This repository has been archived by the owner on Dec 27, 2022. It is now read-only.
Aviary is a new dashboard that CISA and partners developed to help visualize and analyze outputs from its Sparrow detection tool released in December 2020. Sparrow helps network defenders detect possible compromised accounts and applications in Azure/Microsoft O365 environments. CISA created Sparrow to support hunts for threat activity following the SolarWinds compromise.
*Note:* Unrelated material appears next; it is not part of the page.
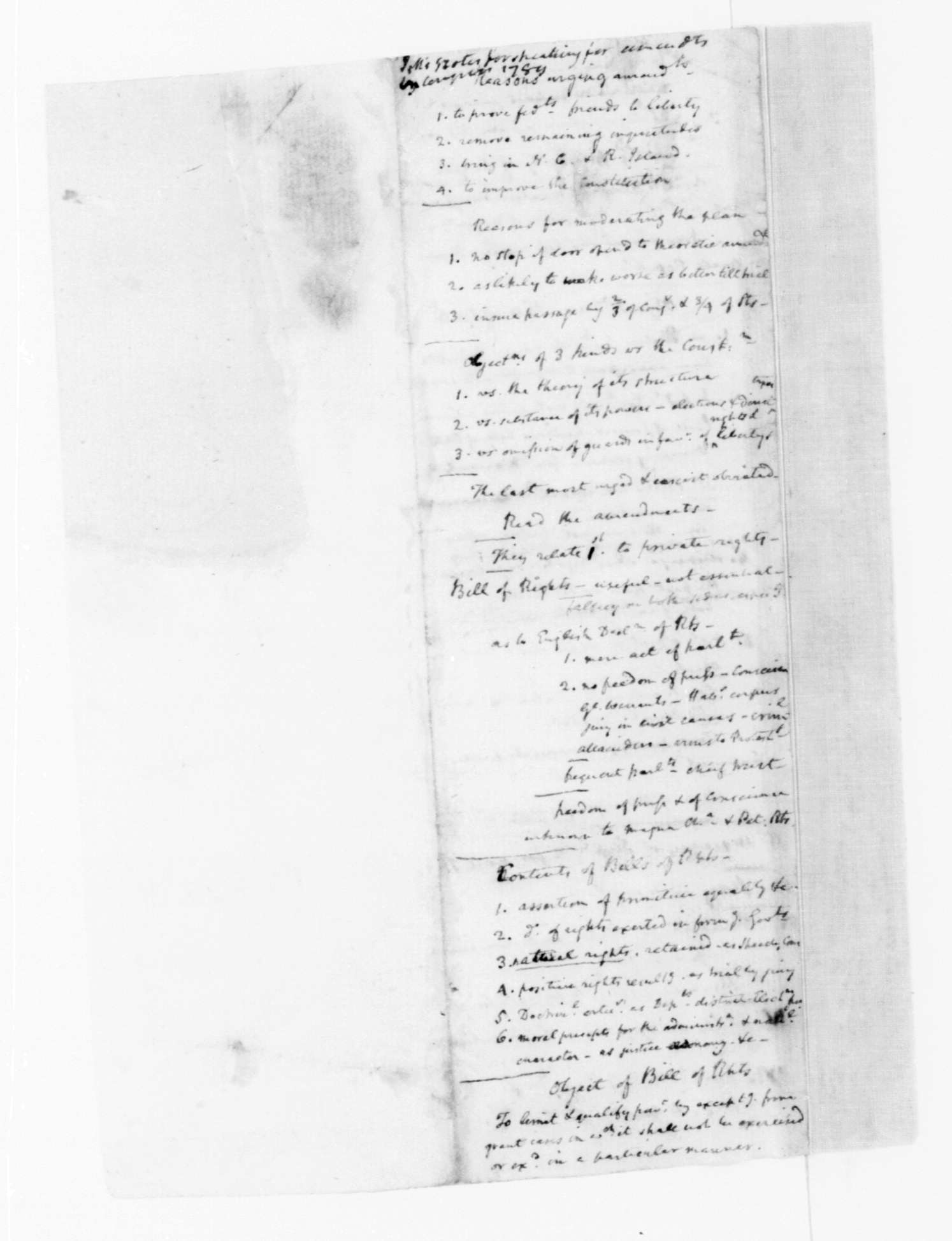 James Madison's "Notes for Speech on Constitutional Amendments. June 8, 1789." The James Madison Papers at the Library of Congress Repository, Library of Congress, Manuscript Division, Washington, D.C. 20540
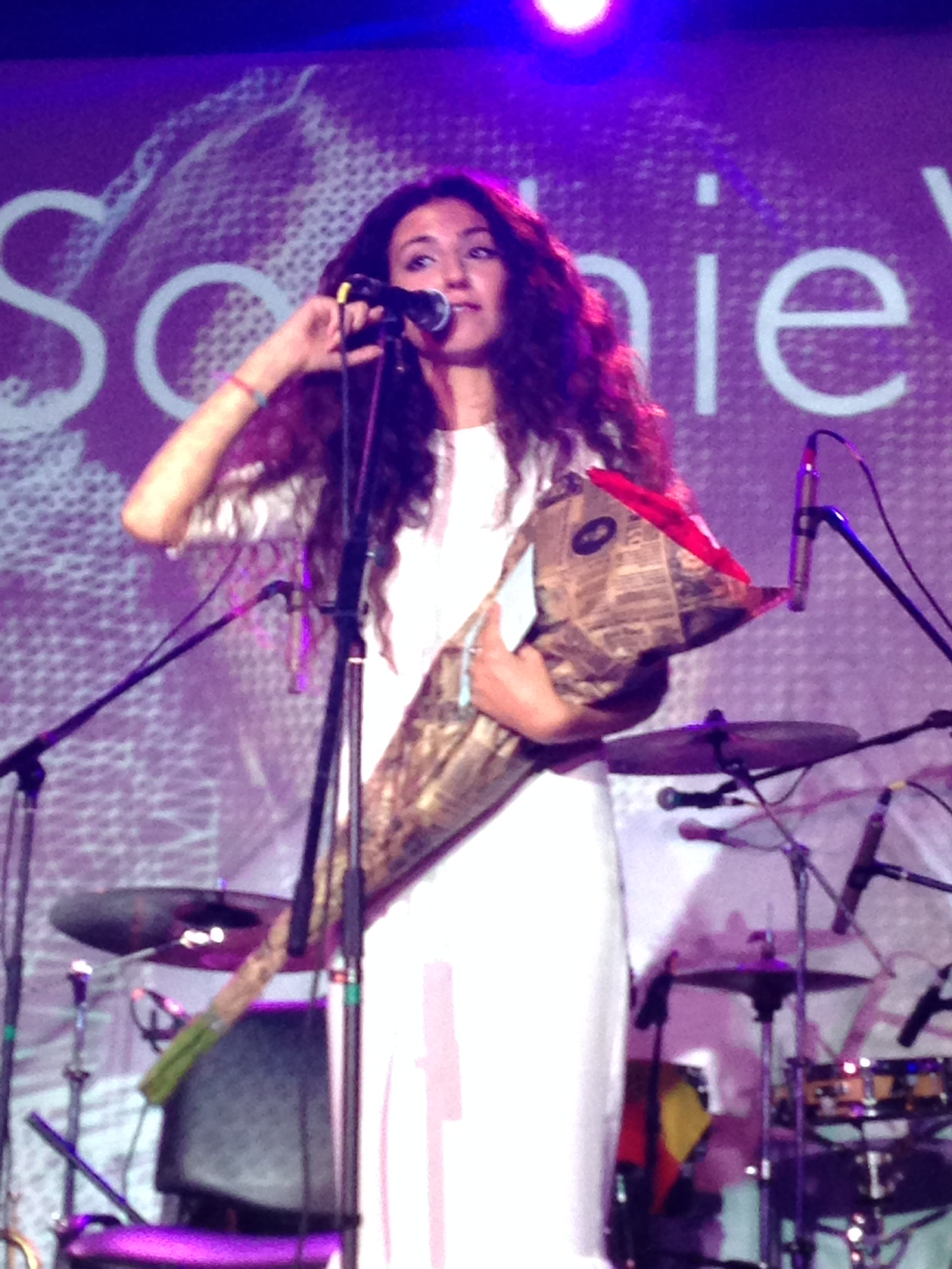 Sophie Villy in Younost

Aviary--a Splunk-base dashboard--facilitates analysis of Sparrow data outputs.
Recognized data sources from Sparrow include*:
- AppUpdate_Operations_Export.csv
- AppRoleAssignment_Operations_Export.csv
- Consent_Operations_Export.csv
- Domain_List.csv
- Domain_Operations_Export.csv
- FileItems_Operations_Export.csv
- MailItems_Operations_Export.csv
- PSLogin_Operations_Export.csv
- PSMailbox_Operations_Export.csv
- SAMLToken_Operations_Export.csv
- ServicePrincipal_Operations_Export.csv
- Ingest Sparrow logs (sourcetype=csv)
- Import Aviary .xml code into new Dashboard
- Point Aviary to Sparrow data using the index and host selection
- Review the output.
*Note: All detailed results panels are conditional, they will only appear if there is recognized data to display.